General Lab Information

Computation and Data-Driven Discovery (C3D) Projects

Replicating Machine Learning Experiments in Materials Sciences

To harness the benefits of new-generation machine learning (ML) algorithms in materials informatics and broaden the path of accelerated discovery, it is necessary to understand their limits and establish transparency in how results are obtained. Better ways to explain results obtained with ML will improve reproducibility of results in materials science, boosting confidence in the ability of those methods to predict new candidates for experimentation. Transparency and reproducibility are important aspects of validation for ML models that are not fully understood and are applied across the board independently of the application domain. Understanding the limits of computational reproducibility when dealing with complex mathematical models, such as ML, exceeds making scientific code, training data, and hyperparameters accessible. Machine learning methods present specific challenges in reproducibility related to building models, the effects of random seeds, and choice of platforms and execution environments.

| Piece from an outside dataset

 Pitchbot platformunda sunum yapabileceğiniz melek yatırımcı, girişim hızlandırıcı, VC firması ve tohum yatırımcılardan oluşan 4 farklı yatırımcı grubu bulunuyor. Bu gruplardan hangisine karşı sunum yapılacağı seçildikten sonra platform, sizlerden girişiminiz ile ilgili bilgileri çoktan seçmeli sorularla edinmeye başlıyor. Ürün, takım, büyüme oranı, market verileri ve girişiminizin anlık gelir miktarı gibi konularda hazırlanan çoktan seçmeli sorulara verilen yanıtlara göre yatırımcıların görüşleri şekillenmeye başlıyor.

This experiment investigates the reproducibility of previously published results by one of the study’s co-author (Supervised Machine-Learning-Based Determination of Three-Dimensional Structure of Metallic Nanoparticles, 2017. DOI: 10.1021/acs.jpclett.7b02364). This work examines reproducibility across ML platforms and the influence of random factors in two types of widely used regression models: 1) Gradient-Boosted Trees (GBT), an efficient machine learning model that ensembles a set of decision trees and 2) multilayer perceptron (MLP), a classic fully connected neural network. These models have shown the highest performance in original results.

figure 1

Figure 1: Schematic for applying machine learning to guide high-throughput experiments.

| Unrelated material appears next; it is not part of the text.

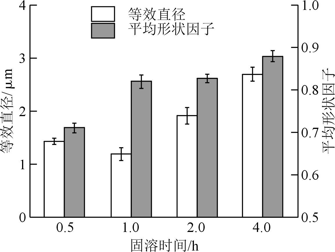 圖3 固溶時(shí)間對半固態(tài)壓鑄Al-Si-Fe-Mg合金顯微組織的影響 圖4為固溶處理后半固態(tài)壓鑄Al-Si-Fe-Mg合金的SEM組織。可以看出,當(dāng)固溶時(shí)間為0.5 h時(shí),共晶Si相由短棒狀以及顆粒狀共晶Si相組成,共晶Si相出現(xiàn)頸縮現(xiàn)象,頸縮的共晶Si相發(fā)生溶斷并破碎成小的共晶Si相,見圖4a。當(dāng)固溶時(shí)間增加至1 h時(shí),共晶Si相為顆粒狀形貌,見圖4b。隨著固溶時(shí)間繼續(xù)增加,顆粒狀共晶Si相長大,見圖4c和圖4d。對比共晶Si相的等效直徑和形狀因子發(fā)現(xiàn),當(dāng)固溶時(shí)間從0.5 h增加至4 h時(shí),共晶Si相的等效直徑先減小后增加,形狀因子持續(xù)增大,見圖5。

In materials science, ML methods are used increasingly to predict the relationship between atomic structures and materials properties and provide guidance to experimentalists for suggesting potentially useful combinations. In previously published results, ML models were used to predict coordination numbers (CN), known to characterize the size and three-dimensional shape of nanoparticles. Training sets are built using computational data produced from ab initio methods. The model then can be used on experimental spectra to determine the properties of experimental particles. In the experimental process, X-ray absorption near edge structure (XANES) spectra are measured, and CN are calculated. The computational approach calculates XANES spectra and CN from computational structures. After validation, computational XANES spectra and CNs are used to train the model. Predicted CN are compared to calculated CN to validate the model. In the ML approach, the trained model can be used with large amounts of experimental spectra pouring out of high-throughput detectors to predict expected CN during the course of an experiment (Figure 1).

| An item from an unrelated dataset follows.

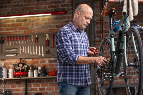 rider, bicycling, tool, repairing, workshop, bike, bicycle, mechanic, garage, fixing, work, man, repair, maintenance, cycle, male, senior, elderly, tool, wheel, craft, equipment, professional, men at work, adult, business, mature, retired, job, repairman, working, crank, craftsman, artisan, inside, indoor, skill, gear, brick wall, chain

For the CN prediction task, the influence of one random factor at a time is measured by fixing all the hyperparameters and other random factors (with the appropriate random seeds) and freeing the factor under consideration. For MLP, different data orders are investigated using stochastic gradient descent to iteratively optimize the loss function and the different weight initializations. For GBT, the influence of random feature selections and that of data selections are studied. The models are trained five times for each case to obtain an accuracy number on the test data (Table 1 reflects some results).

Table 1

Table 1. Results of replicating the Coordination Number prediction task with various random factors.

Coefficient of Variation (CV), also known as Relative Standard Deviation, and Mean Absolute Difference (MAD) are the metrics used for the dispersion of accuracy numbers. As these metrics show, GBT appears more robust than MLP, i.e., with a certain amount of randomness, the accuracy of GBT is more consistent than MLP. Yet in the literature, results showing the best performance usually are the ones reported—regardless of its robustness.

Typically, training an ML model multiple times, even with the same data set, does not produce the same model as different training and testing errors are produced with each run. A second set of errors, referring to transfer learning or domain adaptation, will draw more attention from ML researchers. This experiment shows that the first class of errors should not be ignored by practitioners and scientists interested in the practical application of these models for their domain science.


Pouchard, L., Y. Lin, and H. van Dam, “Replicating Machine Learning Experiments in Materials Sciences,” ParCo Symposium 2019, DOI: 10.3233/APC200105.